▶ **WHAT IS BEING ASKED**: Below is a listing; print exactly its lines from the one containing "Juicetiva is a" down to the one containing "在此前京東發(fā)起的一項", both inclusive, with every picture left out.

▶ **EXERCISE MATERIALS**:
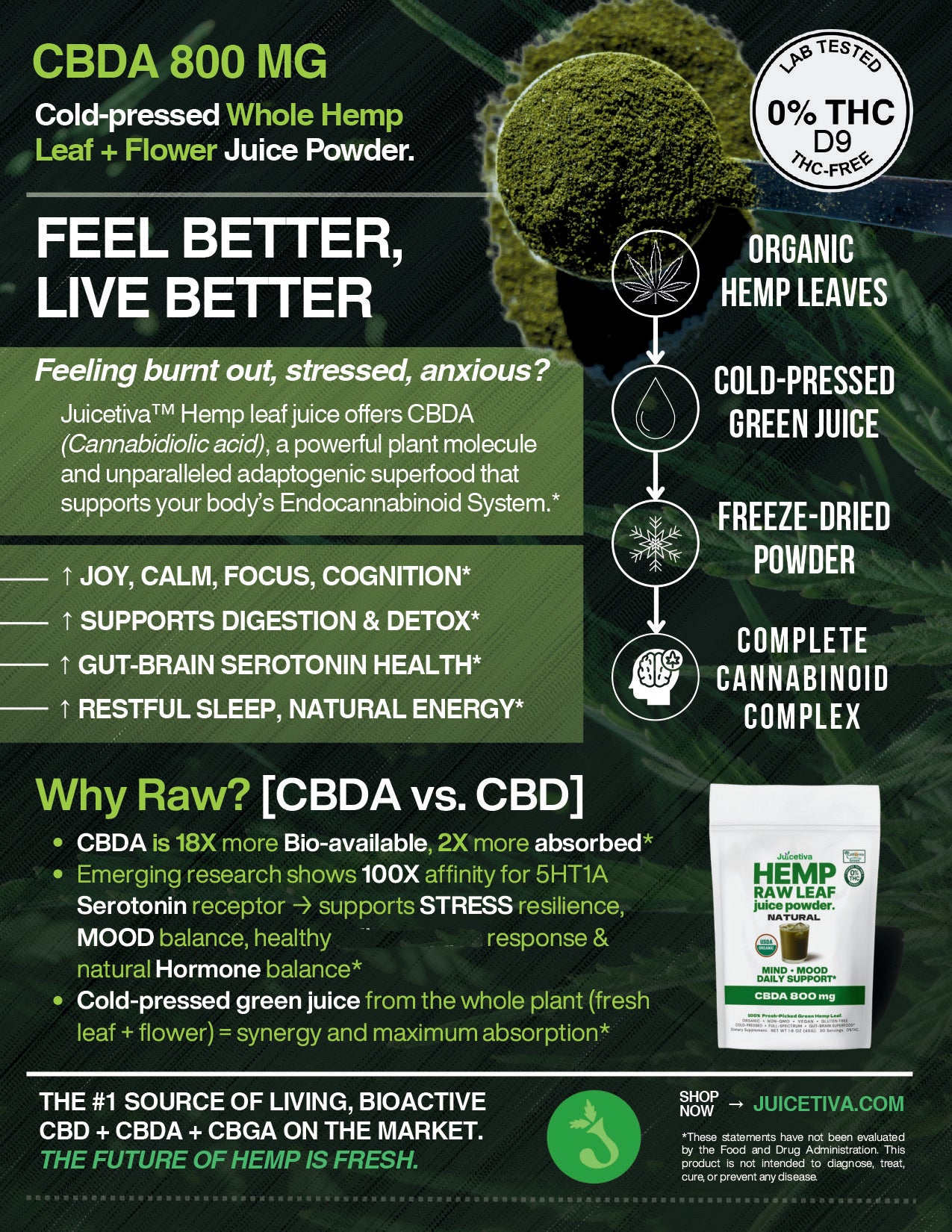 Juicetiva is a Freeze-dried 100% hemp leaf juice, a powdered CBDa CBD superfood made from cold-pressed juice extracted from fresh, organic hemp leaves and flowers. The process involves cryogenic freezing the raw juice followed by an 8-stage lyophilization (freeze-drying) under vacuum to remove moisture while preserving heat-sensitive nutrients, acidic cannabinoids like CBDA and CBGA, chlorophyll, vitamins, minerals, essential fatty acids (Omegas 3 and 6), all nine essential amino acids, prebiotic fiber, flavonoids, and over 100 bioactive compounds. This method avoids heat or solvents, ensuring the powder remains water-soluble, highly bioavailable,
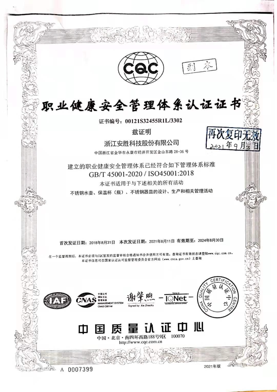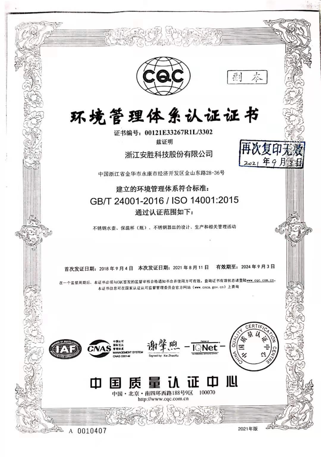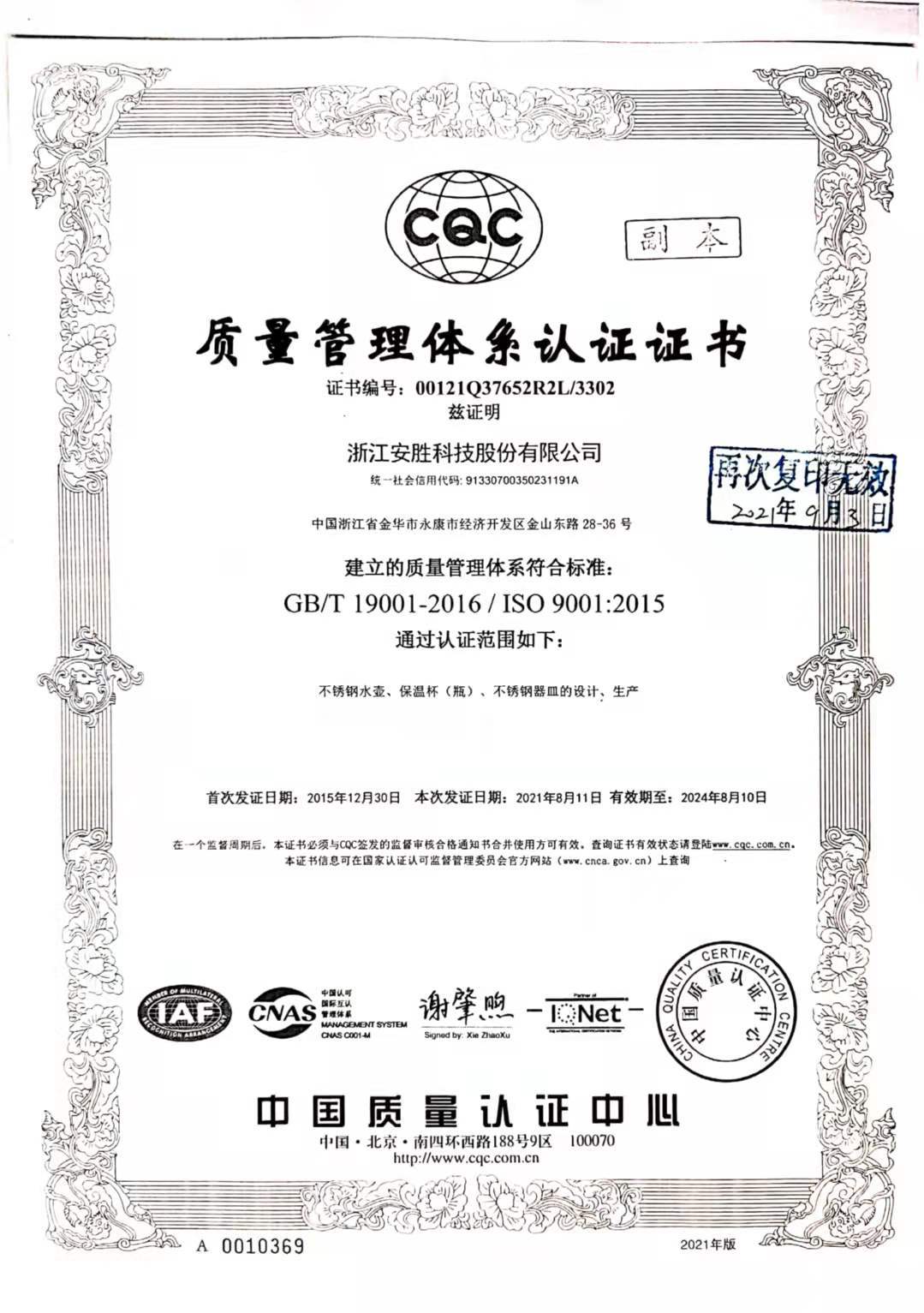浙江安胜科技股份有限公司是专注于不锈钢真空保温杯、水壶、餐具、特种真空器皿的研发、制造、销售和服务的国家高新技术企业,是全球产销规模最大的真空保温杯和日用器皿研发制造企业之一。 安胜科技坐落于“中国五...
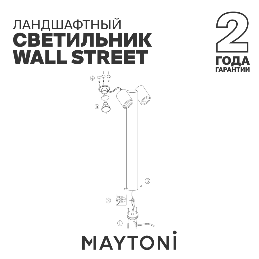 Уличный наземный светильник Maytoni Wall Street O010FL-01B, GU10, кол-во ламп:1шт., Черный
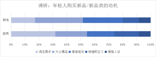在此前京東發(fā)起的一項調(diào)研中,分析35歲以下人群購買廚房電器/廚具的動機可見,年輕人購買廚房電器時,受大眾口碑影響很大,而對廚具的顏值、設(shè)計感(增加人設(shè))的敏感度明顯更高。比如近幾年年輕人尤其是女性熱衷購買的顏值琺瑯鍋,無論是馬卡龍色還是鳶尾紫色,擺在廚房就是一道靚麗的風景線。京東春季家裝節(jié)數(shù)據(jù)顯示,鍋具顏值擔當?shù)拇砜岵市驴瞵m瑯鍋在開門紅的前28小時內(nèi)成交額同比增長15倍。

---

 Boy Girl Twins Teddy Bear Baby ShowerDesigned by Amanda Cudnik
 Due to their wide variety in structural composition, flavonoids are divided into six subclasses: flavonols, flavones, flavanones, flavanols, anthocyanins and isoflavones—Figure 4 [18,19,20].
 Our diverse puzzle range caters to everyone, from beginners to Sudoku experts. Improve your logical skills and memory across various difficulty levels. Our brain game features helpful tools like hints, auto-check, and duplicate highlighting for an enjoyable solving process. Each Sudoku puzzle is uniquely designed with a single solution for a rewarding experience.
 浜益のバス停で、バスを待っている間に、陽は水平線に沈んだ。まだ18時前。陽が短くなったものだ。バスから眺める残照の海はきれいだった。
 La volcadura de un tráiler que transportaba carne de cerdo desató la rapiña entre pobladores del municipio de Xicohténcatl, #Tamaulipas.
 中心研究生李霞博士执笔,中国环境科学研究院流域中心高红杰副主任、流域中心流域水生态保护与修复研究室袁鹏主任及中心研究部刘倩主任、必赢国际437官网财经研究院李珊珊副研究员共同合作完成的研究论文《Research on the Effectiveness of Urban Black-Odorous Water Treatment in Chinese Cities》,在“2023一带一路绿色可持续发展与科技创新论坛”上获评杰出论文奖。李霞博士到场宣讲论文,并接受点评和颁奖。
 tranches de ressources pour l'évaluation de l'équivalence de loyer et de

* * *

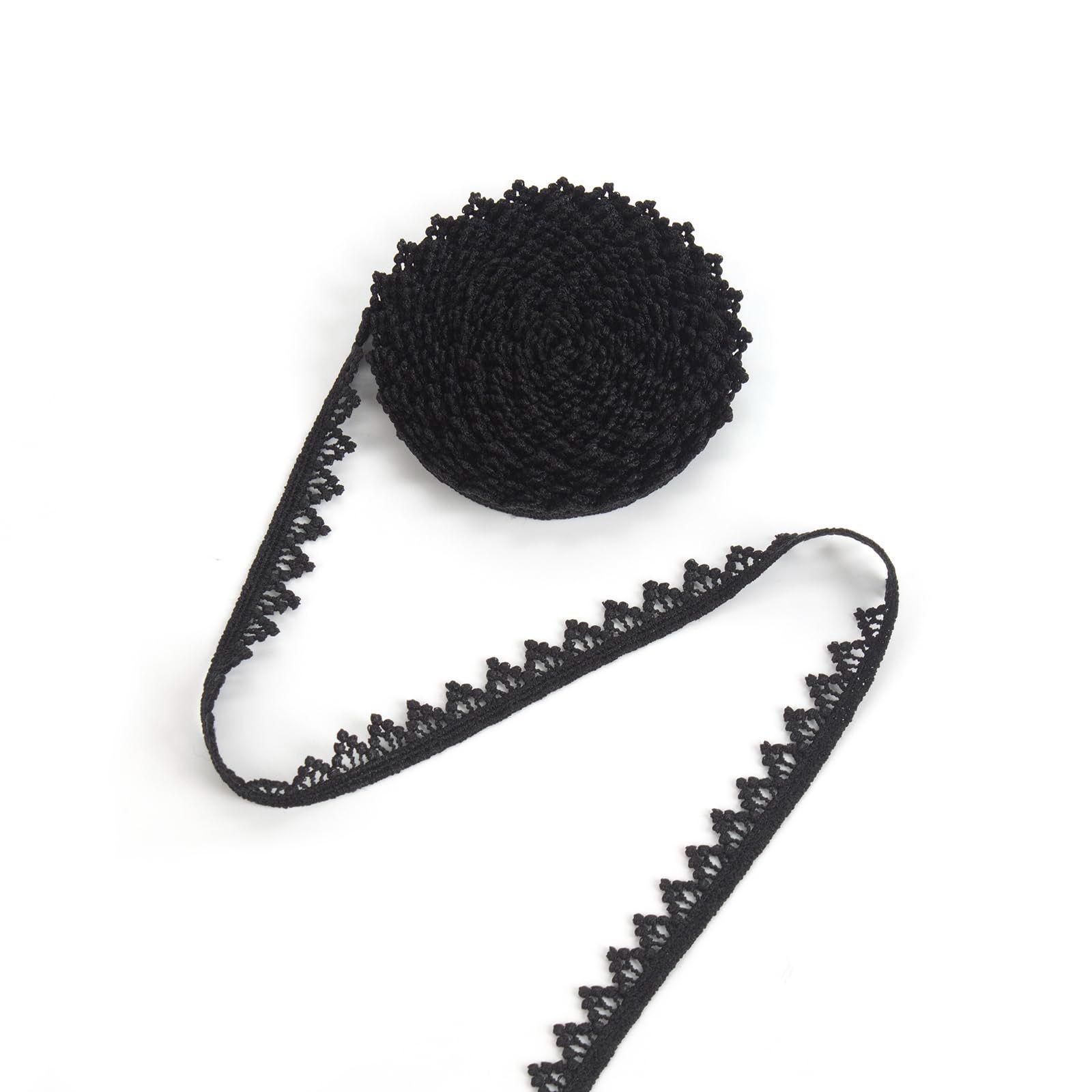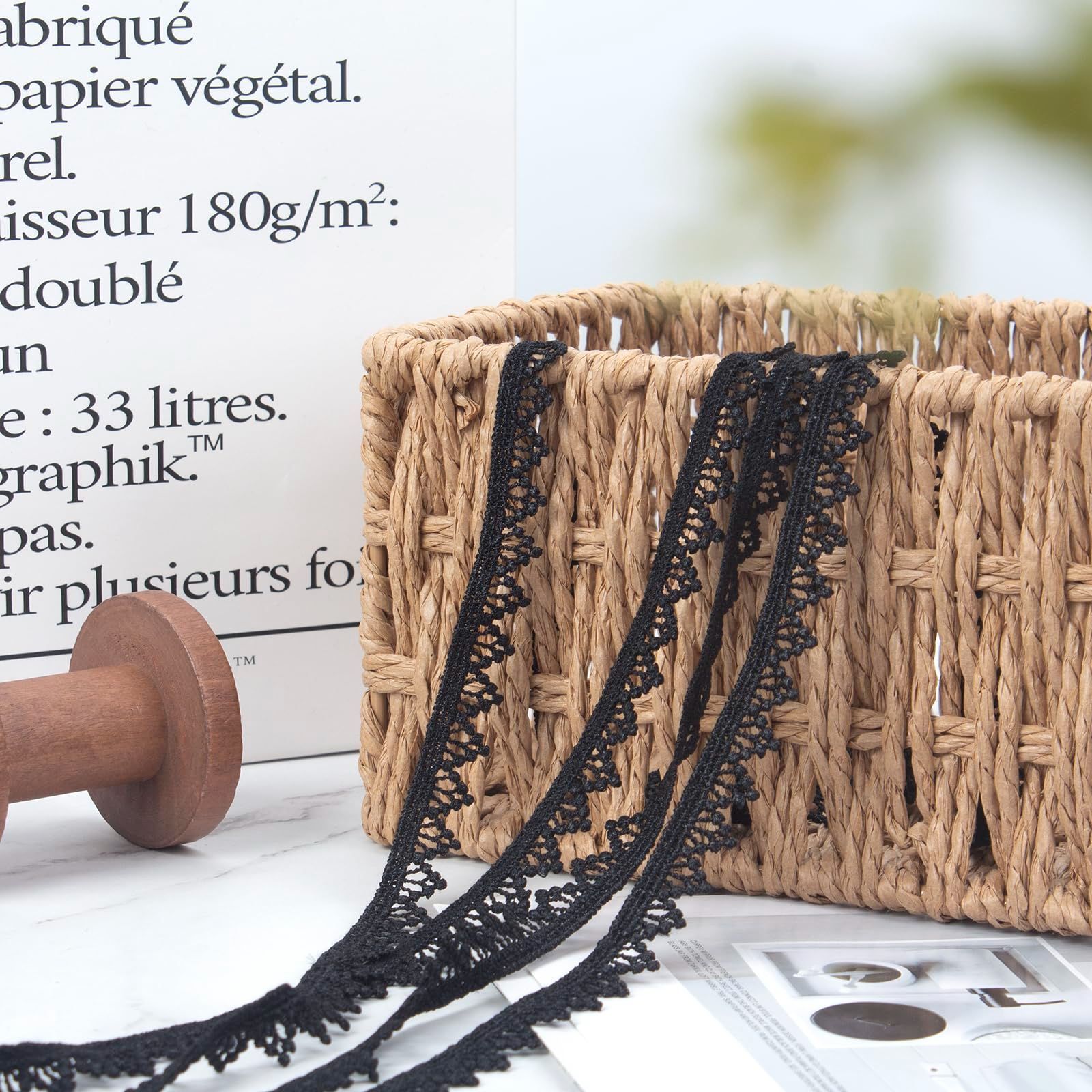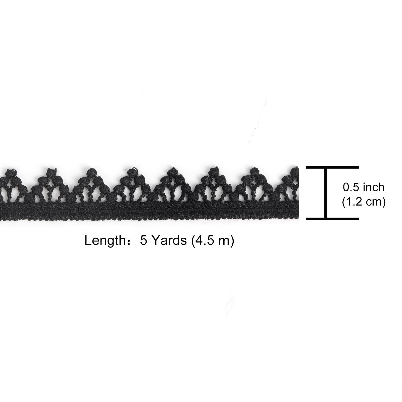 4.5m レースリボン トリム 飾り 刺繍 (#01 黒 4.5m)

▶ **RESULT OF THE TASK**:
 Juicetiva is a Freeze-dried 100% hemp leaf juice, a powdered CBDa CBD superfood made from cold-pressed juice extracted from fresh, organic hemp leaves and flowers. The process involves cryogenic freezing the raw juice followed by an 8-stage lyophilization (freeze-drying) under vacuum to remove moisture while preserving heat-sensitive nutrients, acidic cannabinoids like CBDA and CBGA, chlorophyll, vitamins, minerals, essential fatty acids (Omegas 3 and 6), all nine essential amino acids, prebiotic fiber, flavonoids, and over 100 bioactive compounds. This method avoids heat or solvents, ensuring the powder remains water-soluble, highly bioavailable,
浙江安胜科技股份有限公司是专注于不锈钢真空保温杯、水壶、餐具、特种真空器皿的研发、制造、销售和服务的国家高新技术企业,是全球产销规模最大的真空保温杯和日用器皿研发制造企业之一。 安胜科技坐落于“中国五...
 Уличный наземный светильник Maytoni Wall Street O010FL-01B, GU10, кол-во ламп:1шт., Черный
在此前京東發(fā)起的一項調(diào)研中,分析35歲以下人群購買廚房電器/廚具的動機可見,年輕人購買廚房電器時,受大眾口碑影響很大,而對廚具的顏值、設(shè)計感(增加人設(shè))的敏感度明顯更高。比如近幾年年輕人尤其是女性熱衷購買的顏值琺瑯鍋,無論是馬卡龍色還是鳶尾紫色,擺在廚房就是一道靚麗的風景線。京東春季家裝節(jié)數(shù)據(jù)顯示,鍋具顏值擔當?shù)拇砜岵市驴瞵m瑯鍋在開門紅的前28小時內(nèi)成交額同比增長15倍。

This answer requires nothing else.